▶ **WHAT THIS TASK INVOLVES**
The entries below contain pictures, which are to be left out; write out exactly, and only, the lines from the line with "Calamaio in argento" up to and including the line with "厅室3室2厅1卫1阳台".

▶ **GIVEN DATA**
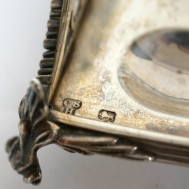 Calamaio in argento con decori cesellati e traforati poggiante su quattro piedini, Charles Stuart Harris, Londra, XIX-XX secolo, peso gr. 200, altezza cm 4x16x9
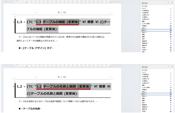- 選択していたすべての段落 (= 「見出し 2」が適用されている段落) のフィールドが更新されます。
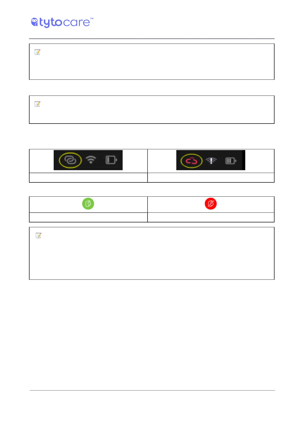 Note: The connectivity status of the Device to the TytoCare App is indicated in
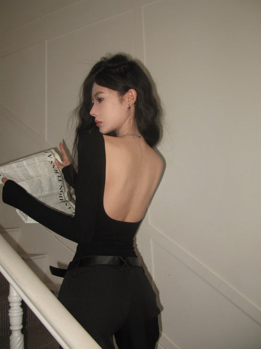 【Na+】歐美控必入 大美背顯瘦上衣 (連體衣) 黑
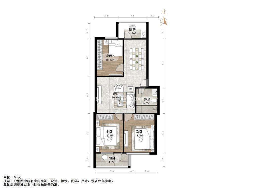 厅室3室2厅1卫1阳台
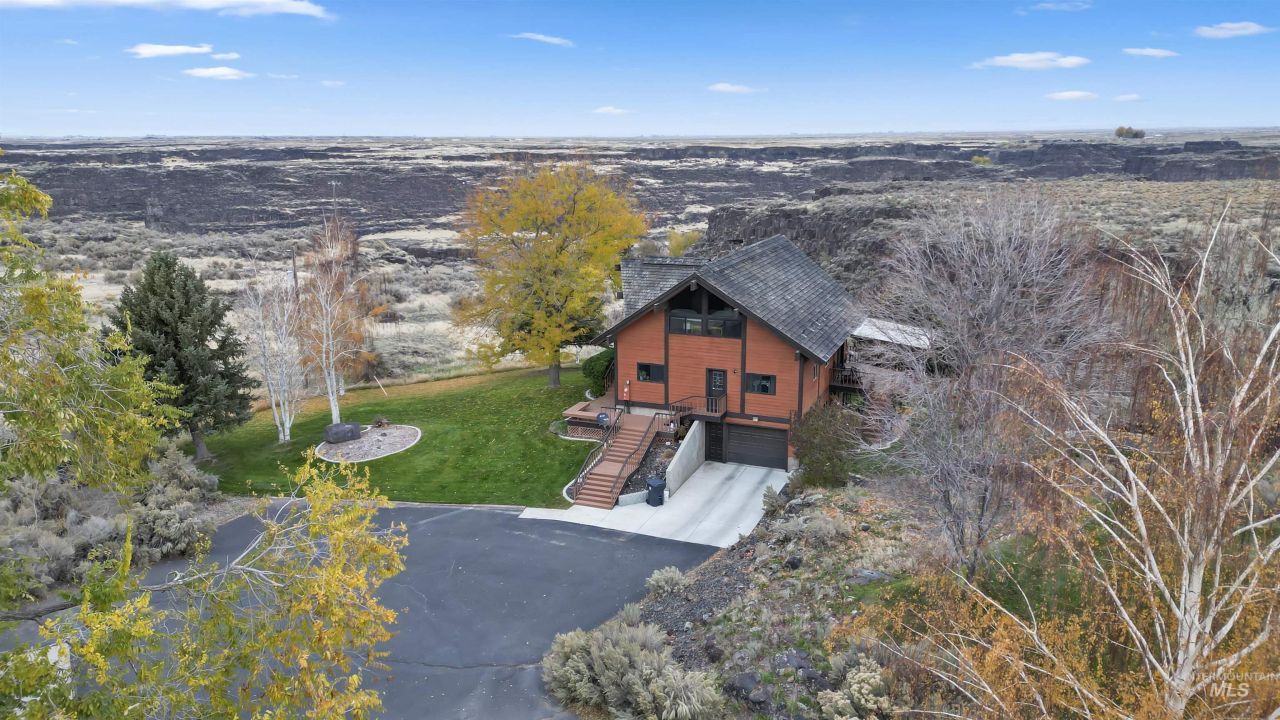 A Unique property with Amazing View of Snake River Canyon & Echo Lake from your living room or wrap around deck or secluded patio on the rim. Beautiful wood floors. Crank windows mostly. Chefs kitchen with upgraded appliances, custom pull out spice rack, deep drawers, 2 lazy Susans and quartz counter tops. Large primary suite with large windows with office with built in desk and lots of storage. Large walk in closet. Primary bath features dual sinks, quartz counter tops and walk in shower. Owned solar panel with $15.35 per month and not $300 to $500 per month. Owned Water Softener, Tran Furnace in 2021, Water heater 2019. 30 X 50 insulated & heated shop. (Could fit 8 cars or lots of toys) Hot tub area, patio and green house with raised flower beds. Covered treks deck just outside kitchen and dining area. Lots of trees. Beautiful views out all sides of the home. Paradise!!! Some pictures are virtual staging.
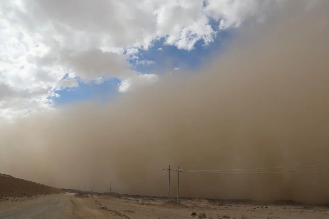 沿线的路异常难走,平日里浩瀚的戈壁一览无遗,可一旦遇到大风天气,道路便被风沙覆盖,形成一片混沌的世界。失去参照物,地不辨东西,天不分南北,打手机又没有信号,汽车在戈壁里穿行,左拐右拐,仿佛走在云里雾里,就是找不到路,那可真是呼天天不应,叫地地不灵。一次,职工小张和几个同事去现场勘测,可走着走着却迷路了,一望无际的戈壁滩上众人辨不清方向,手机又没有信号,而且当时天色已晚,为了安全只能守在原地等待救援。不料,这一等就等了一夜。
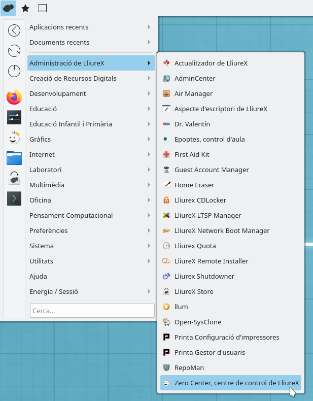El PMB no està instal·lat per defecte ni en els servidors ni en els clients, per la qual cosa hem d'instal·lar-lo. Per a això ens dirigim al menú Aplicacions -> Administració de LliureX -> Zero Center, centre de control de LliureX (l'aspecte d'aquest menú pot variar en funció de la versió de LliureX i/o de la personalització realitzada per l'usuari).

...

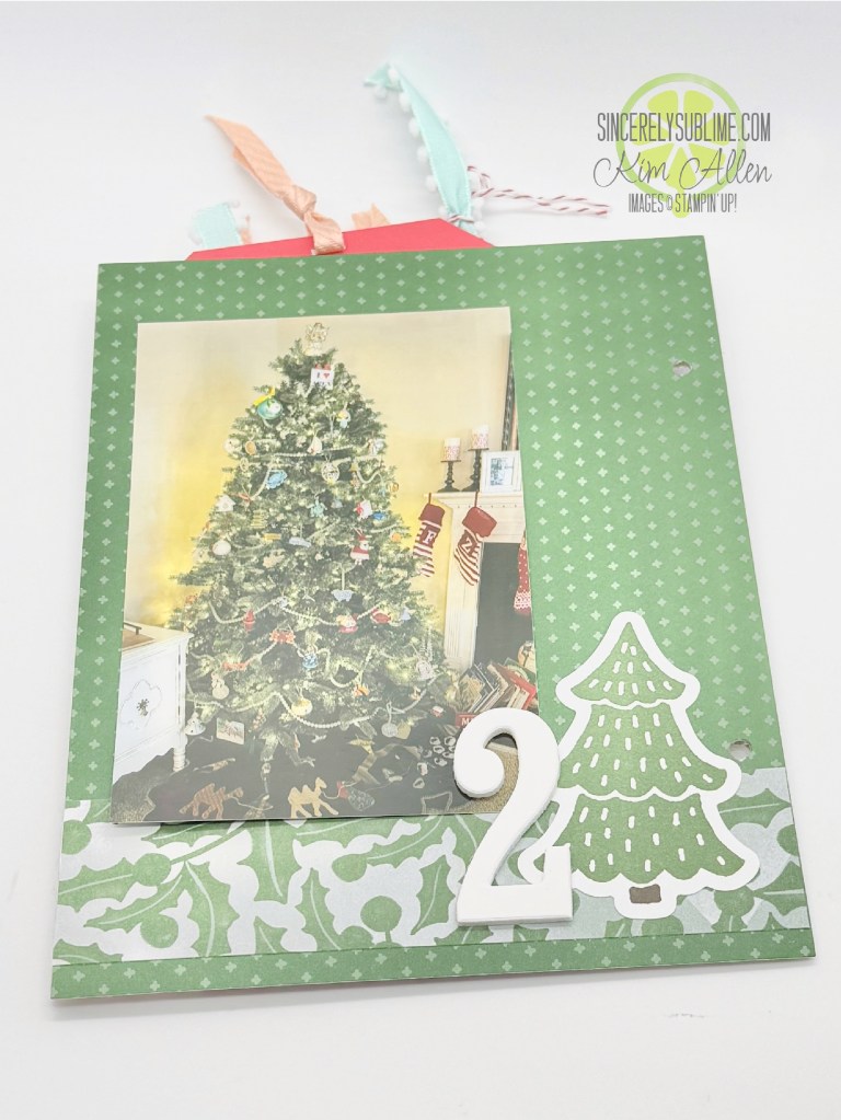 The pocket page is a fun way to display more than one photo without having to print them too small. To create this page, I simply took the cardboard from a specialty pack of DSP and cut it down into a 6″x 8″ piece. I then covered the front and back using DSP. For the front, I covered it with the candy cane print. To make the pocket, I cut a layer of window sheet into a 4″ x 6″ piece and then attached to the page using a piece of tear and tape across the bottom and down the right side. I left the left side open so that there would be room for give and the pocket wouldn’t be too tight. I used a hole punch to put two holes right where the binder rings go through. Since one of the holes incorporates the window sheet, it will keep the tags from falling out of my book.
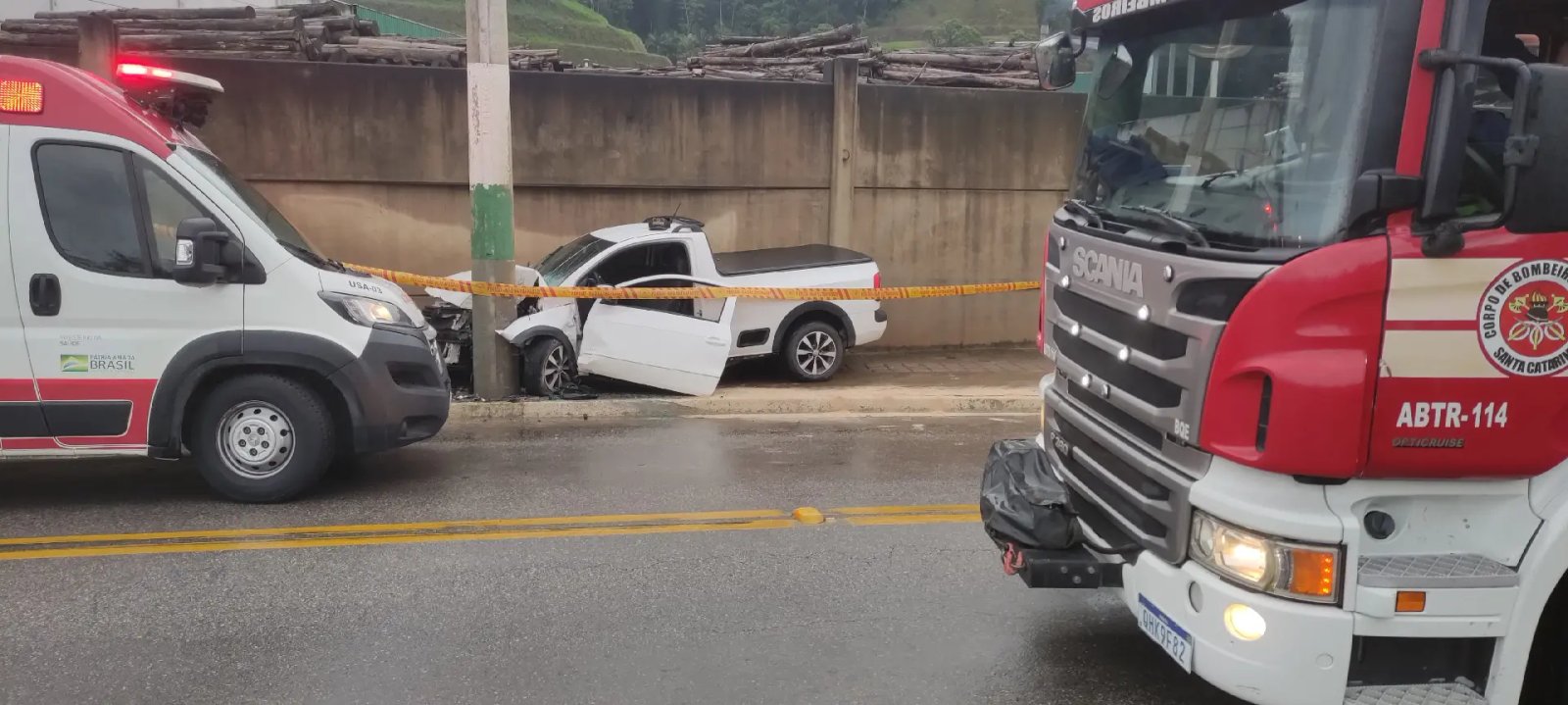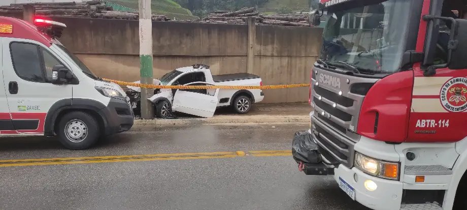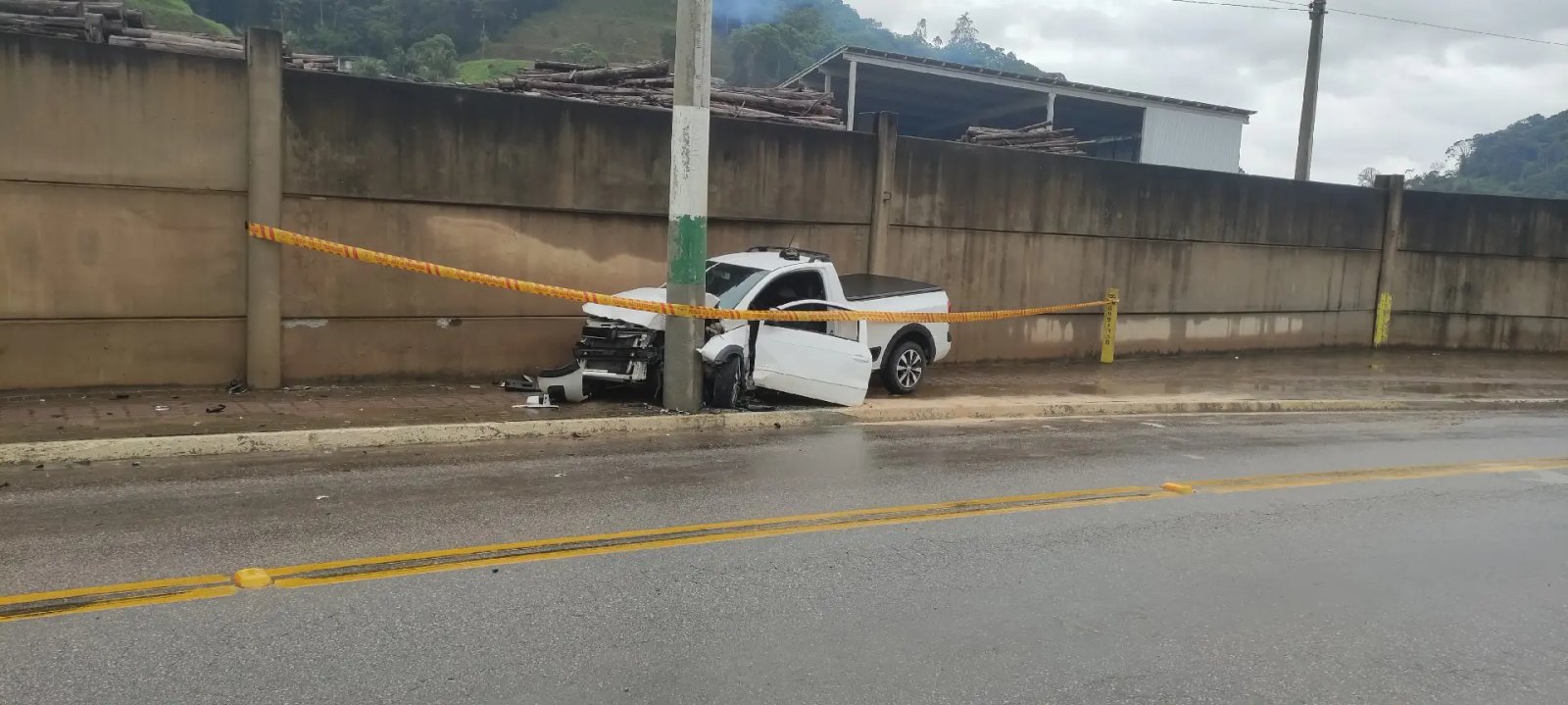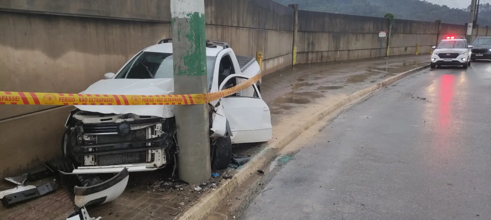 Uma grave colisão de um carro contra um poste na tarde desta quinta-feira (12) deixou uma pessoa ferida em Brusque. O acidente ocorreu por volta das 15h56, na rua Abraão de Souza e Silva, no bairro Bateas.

▶ **THE COMPLETED TASK**
 Calamaio in argento con decori cesellati e traforati poggiante su quattro piedini, Charles Stuart Harris, Londra, XIX-XX secolo, peso gr. 200, altezza cm 4x16x9
- 選択していたすべての段落 (= 「見出し 2」が適用されている段落) のフィールドが更新されます。
 Note: The connectivity status of the Device to the TytoCare App is indicated in
 【Na+】歐美控必入 大美背顯瘦上衣 (連體衣) 黑
 厅室3室2厅1卫1阳台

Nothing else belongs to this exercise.